• Data section:
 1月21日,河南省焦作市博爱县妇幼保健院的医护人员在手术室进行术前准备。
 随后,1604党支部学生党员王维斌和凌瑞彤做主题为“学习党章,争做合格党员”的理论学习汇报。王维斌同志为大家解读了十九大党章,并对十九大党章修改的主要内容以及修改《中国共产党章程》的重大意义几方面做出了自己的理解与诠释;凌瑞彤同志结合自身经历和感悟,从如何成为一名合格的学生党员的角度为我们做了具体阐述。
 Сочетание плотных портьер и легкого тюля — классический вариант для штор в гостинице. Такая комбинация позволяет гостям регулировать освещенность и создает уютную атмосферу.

...

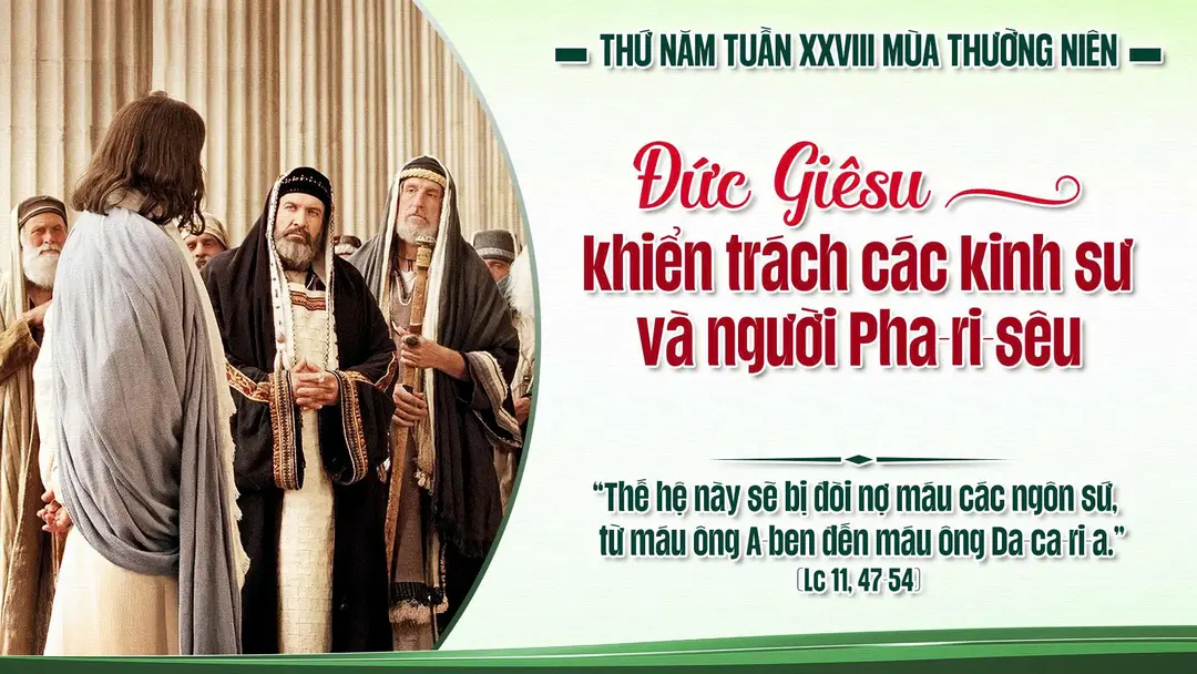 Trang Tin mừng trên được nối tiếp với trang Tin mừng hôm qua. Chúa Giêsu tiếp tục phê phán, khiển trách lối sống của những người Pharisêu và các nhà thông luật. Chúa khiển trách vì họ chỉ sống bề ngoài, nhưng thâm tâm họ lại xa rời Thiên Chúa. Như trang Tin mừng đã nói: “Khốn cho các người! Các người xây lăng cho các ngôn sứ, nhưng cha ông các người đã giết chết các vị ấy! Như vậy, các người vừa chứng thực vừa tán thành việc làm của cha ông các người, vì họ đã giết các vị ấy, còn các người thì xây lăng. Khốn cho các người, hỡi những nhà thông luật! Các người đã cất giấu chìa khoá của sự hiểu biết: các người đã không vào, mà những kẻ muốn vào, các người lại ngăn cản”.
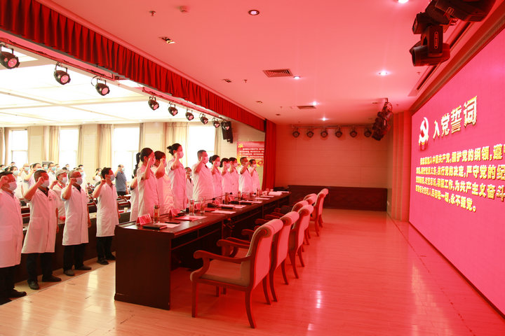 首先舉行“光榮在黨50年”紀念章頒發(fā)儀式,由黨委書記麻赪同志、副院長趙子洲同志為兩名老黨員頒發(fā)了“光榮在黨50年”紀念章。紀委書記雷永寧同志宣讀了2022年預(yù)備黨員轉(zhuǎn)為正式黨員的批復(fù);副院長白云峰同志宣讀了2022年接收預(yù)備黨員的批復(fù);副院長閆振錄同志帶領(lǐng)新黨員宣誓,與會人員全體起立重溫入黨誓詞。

• Problem to solve:
Retype the portion of the data above that starts on the line with "1月21日,河南省焦作市博爱县妇幼保健院的医护人员在手术室进行术前准备。" and finishes on the line with "Сочетание плотных портьер", including both of those lines.

• Task result:
 1月21日,河南省焦作市博爱县妇幼保健院的医护人员在手术室进行术前准备。
 随后,1604党支部学生党员王维斌和凌瑞彤做主题为“学习党章,争做合格党员”的理论学习汇报。王维斌同志为大家解读了十九大党章,并对十九大党章修改的主要内容以及修改《中国共产党章程》的重大意义几方面做出了自己的理解与诠释;凌瑞彤同志结合自身经历和感悟,从如何成为一名合格的学生党员的角度为我们做了具体阐述。
 Сочетание плотных портьер и легкого тюля — классический вариант для штор в гостинице. Такая комбинация позволяет гостям регулировать освещенность и создает уютную атмосферу.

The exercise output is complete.